Moe’s Southwest Grill commissioned a truck and drove it from Texas to New York City so they could feed burritos to me and some other members of the media.
Considering that there are three Moe’s locations within walking distance of my Midtown Manhattan office, I’m not sure they needed to have bothered, but they didn’t ask me how to spend their marketing dollars.
From here they’re driving the truck to three other markets where they have a strong presence — Atlanta, where they’re headquartered, as well as Tampa and Orlando.
It’s all part of their rebranding mission, which CEO Bruce Schroder was motivated by studies with their existing and lapsed customers that found that they weren’t getting credit for the “freshness, variety and quality, which we spend an awful lot of time and money trying to deliver.”
He said the Focus Brands subsidiary’s 700 some-odd locations make a total of 40,000 pounds of salsa in-house every day, and use 30,000 pounds of tomatoes, 10,000 pounds of onions and 5,000 pounds each of jalapeños and cilantro.
So Moe’s is rebranding with new in-store elements that will highlight its made-from-scratch bona fides.
Schroder didn’t go into detail as to what exactly that will mean, and at any rate that kind of remodeling takes a while, hence the truck, to bring those new flavors to us.
Those new flavors include Adobo Chicken, made from thigh meat instead of breast, which will replace the existing chicken, and spicier salsas.
17-year-old Moe’s has long had rotating seasonal salsas, but they’ll now be using spicier peppers in some of them. For example, they’ll be using ghost peppers in their new Ghostujang, which we tried in the truck. The name’s a play on the trendy Korean chile paste gochujang, which it doesn’t taste like at all, but it is a reasonably spicy salsa.
Also appearing in restaurants soon will be a seasonal Ahhhvocado salsa, which is sort of like a thin, high-citrus guacamole.

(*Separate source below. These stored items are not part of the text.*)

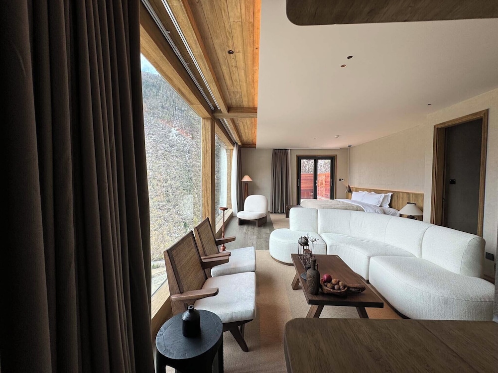 Escape to the serene setting of Siguniang Mountain Star Moon Cliff Hotel, nestled within a breathtaking national park.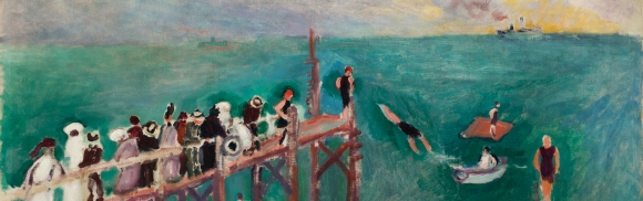 Raoul Dufy, retour au Havre « Né au Havre, Raoul Dufy (1877-1953) s’en éloignera mais restera toujours profondément attaché à cette ville qui a marqué, avant lui, d’autres peintres comme Eugène Boudin ou Claude Monet. Dans un style immédiatement reconnaissable, avec cette manière si particulière de disjoindre trait, forme et aplats de couleur, Dufy ne cessera de réinterpréter, tout au long de sa vie, certains motifs observés en Normandie: le port, la plage, la jetée, les bateaux, les baigneurs, le casino... »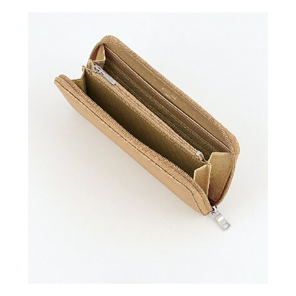 開口部:ファスナー式、内部:札入2・ファスナー式小銭入・カード入8・オープンポケット2。たっぷり収納できるラウンド型財布。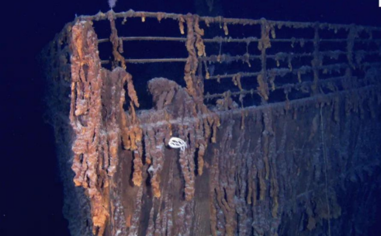 1997 yapımı filmdeki o meşhur sahne... Titanik enkazını görür görmez tanınmasını sağlayan Atlantik’in derin karanlığında yatan o meşhur burnudur. Enkaza yapılan yeni bir keşif dalışında geminin burnundaki (pruva) korkulukların önemli kısmının kaybolduğu anlaşıldı.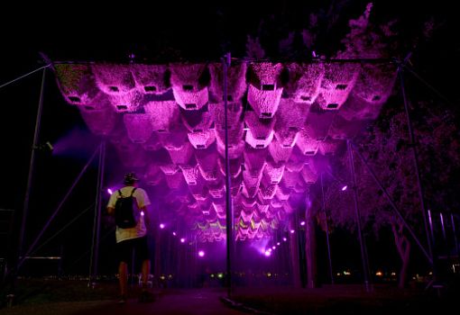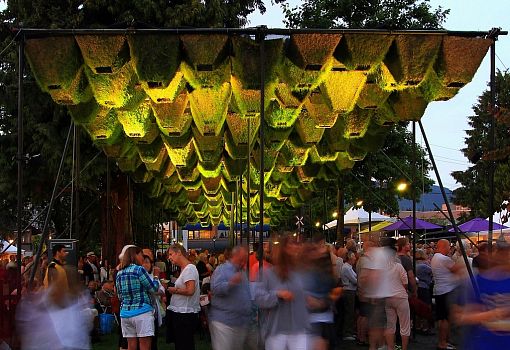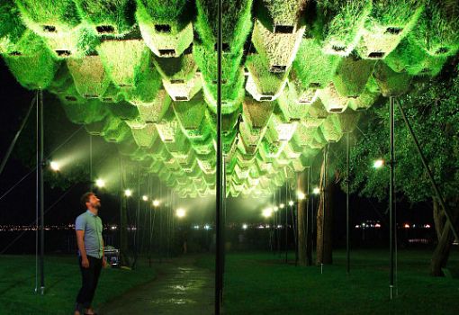260 модулей стали основой инсталляции от архитекторов Matthew Soules Architecture в Ванкувере (Канада). Основы в виде перевернутых пирамид засажены клевером и многолетней травой. Причем в темное время суток сооружение Vermilion Sands источает свет, благодаря интегрированным светодиодам. Так дизайнеры подчеркнули сочетание живой природы и современных технологий.

Schroder also said they were working on emphasizing the “Southwest” in their name with new items.
“You’re very familiar with what Popeyes did, right?” he asked me. “They were in a sea of chicken sameness and they seized on Louisiana and used it as a differentiator.”

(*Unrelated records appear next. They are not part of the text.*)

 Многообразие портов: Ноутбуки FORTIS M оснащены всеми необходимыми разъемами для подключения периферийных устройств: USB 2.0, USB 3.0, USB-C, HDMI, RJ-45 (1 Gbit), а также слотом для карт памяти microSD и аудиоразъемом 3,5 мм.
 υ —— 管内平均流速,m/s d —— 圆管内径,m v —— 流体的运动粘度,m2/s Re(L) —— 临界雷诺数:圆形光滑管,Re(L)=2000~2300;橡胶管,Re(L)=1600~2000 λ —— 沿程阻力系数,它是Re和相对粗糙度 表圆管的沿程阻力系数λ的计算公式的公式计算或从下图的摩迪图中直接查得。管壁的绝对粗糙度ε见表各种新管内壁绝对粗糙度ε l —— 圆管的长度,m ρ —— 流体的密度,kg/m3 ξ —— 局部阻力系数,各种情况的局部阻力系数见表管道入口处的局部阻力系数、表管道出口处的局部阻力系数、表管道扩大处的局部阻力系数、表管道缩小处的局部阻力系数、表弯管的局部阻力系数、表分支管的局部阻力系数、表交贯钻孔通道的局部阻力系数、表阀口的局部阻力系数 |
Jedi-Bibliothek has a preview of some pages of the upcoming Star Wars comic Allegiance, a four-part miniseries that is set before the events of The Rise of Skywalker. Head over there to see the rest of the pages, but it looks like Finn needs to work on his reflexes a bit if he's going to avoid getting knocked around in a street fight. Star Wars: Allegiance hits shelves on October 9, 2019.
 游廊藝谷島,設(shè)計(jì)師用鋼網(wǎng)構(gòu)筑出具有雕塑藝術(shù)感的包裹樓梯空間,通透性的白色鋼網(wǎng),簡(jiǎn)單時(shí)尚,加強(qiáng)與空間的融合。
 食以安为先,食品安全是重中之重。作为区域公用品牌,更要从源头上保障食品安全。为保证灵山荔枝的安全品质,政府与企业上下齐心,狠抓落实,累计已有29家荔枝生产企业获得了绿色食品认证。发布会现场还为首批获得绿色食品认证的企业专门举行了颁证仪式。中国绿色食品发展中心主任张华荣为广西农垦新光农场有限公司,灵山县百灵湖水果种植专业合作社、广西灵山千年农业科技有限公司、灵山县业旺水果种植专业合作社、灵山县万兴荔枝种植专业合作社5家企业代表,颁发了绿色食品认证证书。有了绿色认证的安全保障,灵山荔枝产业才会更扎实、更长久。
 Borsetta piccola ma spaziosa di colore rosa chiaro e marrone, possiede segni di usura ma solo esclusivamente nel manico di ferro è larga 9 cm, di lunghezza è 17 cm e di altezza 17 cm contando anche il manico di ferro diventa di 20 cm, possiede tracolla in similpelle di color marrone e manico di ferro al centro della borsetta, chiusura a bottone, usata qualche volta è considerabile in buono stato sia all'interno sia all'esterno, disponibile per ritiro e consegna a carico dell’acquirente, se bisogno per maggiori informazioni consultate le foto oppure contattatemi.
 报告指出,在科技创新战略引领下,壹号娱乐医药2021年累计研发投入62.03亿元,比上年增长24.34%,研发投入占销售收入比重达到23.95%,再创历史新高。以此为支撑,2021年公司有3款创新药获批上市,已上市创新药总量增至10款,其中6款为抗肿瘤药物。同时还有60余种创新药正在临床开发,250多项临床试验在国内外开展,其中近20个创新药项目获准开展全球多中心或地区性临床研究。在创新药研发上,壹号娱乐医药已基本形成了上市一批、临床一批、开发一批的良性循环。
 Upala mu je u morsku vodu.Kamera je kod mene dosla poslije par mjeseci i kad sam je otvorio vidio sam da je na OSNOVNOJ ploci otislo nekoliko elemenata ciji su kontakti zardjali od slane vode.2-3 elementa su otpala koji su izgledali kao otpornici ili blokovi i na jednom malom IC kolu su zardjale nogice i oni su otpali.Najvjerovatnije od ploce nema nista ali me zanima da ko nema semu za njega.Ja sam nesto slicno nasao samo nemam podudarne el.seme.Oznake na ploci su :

He said “Southwest” isn’t completely defined as a cuisine so Moe’s has a chance to define it. He didn’t go into detail as what that might be. They already have queso, which is an important component of Tex-Mex food, which is arguably an important component in Southwestern cuisine. In fact, Schroder said they got a significant boost in queso sales when an unnamed competitor recently added queso to its offerings (I’m going to go ahead and say it was Chipotle Mexican Grill, even if Schroder didn’t).
Schroder did say the chain was going to go beyond burritos. Considering that they already have quesadillas and tacos and nachos on their menu, I’m not sure what that might be. Pozole maybe? That’s a Mexican corn soup that’s popular in New Mexico. Chiles rellenos are big in the Southwest, that would be cool.
Wienerschnitzel just introduced tamales for the holidays (they’re a Christmas tradition in Mexico), and TacoTime is rolling out a tamale burrito stuffed with seasoned ground beef, cheese sauce, sour cream and tamale bites filled with jalapeño and cheese.
If Moe’s jumps on that we’ll have a nice little trend. But time will tell.
Schroder also said they were working on a number of “chef creations,” menu items not meant to be infinitely customized but designed to be delicious as-is. That eliminates the risk of customers selecting ingredients that don’t actually taste good when mixed together in a burrito or bowl or quesadilla. It also ought to speed up service.
Additionally, it allows chefs to use more distinctive ingredients that taste great in certain combinations but don’t play well with all other ingredients. That would open the way for more experimentation with funky, maybe fermented flavors that have growing but still niche appel.
Schroder said they’re planning on making those items on the second line that’s being installed in many Moe’s locations and is currently being used for delivery and catering.
That’s part of an ongoing trend of fast-casual restaurants moving away from the model of pure customization.
Formerly all-customizable chain Piada recently made a strong turn away from that approach with its latest menu revamp at its 37 locations, and smaller chains such as 10-unit Asian Box has seen success with its new “curated” menu items.
Although the create-your-own model still clearly has appeal to many consumers, I think it’s refreshing that some customers are comfortable putting themselves in the capable hands of chefs, even at limited-service restaurants.